Injectable supramolecular hydrogel from insulin-loaded triblock PCL-PEG-PCL copolymer and γ-cyclodextrin with sustained-release property.

Elham Khodaverdi1, Zinat Heidari, Sayyed A Sajadi Tabassi, Mohsen Tafaghodi, Mona Alibolandi, Farnaz Sadat Mirzazadeh Tekie, Bahman Khameneh, Farzin Hadizadeh.   

Abstract

Supramolecular hydrogels formed by cyclodextrins and polymers have been widely investigated as a biocompatible, biodegradable and controllable drug delivery system. In this study, a supramolecular hydrogel based on biodegradable poly(caprolactone)-poly(ethylene glycol)-poly(caprolactone) (PCL-PEG-PCL) triblock copolymers and γ-cyclodextrin (γ-CD) was prepared through inclusion complexation as an injectable, sustained-release vehicle for insulin. The triblock copolymer PCL-PEG-PCL was synthesised by the ring-opening polymerisation method, using microwave irradiation. The polymerisation reaction and the copolymer structures were evaluated by nuclear magnetic resonance (NMR) and gel permeation chromatography (GPC). The supramolecular hydrogel was prepared in aqueous solution by blending an aqueous γ-CD solution with an aqueous solution of PCL-PEG-PCL triblock copolymer at room temperature. In vitro insulin release through the hydrogel system was studied. The relative surface hydrophobicity of standard and released insulin from the SMGel was estimated using 8-anilino-1-naphthalene sulfonic acid (ANS). Results of (1)HNMR and gel permeation chromatography revealed that microwave irradiation is a simple and reliable method for synthesis of PCL-PEG-PCL copolymer.
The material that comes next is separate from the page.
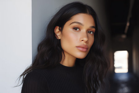 A close-up portrait of a woman with long, dark, wavy hair and striking green eyes, wearing a black turtleneck. Her lips are slightly parted, and she gazes directly at the camera with an intense expression. The lighting highlights her features, creating a dramatic and alluring effect.

Gelation occurred within a minute. The supramolecular hydrogel obtained by mixing 10.54% (w/v) γ-CD and 2.5% (w/v) copolymer had an excellent syringeability. Insulin was released up to 80% over a period of 20 days. Insulin kept its initial folding after formulating and releasing from SMGel. A supramolecular hydrogel based on complexation of triblock PCL-PEG-PCL copolymer with γ-cyclodextrin is a suitable system for providing sustained release of therapeutic proteins, with desirable flow behaviour.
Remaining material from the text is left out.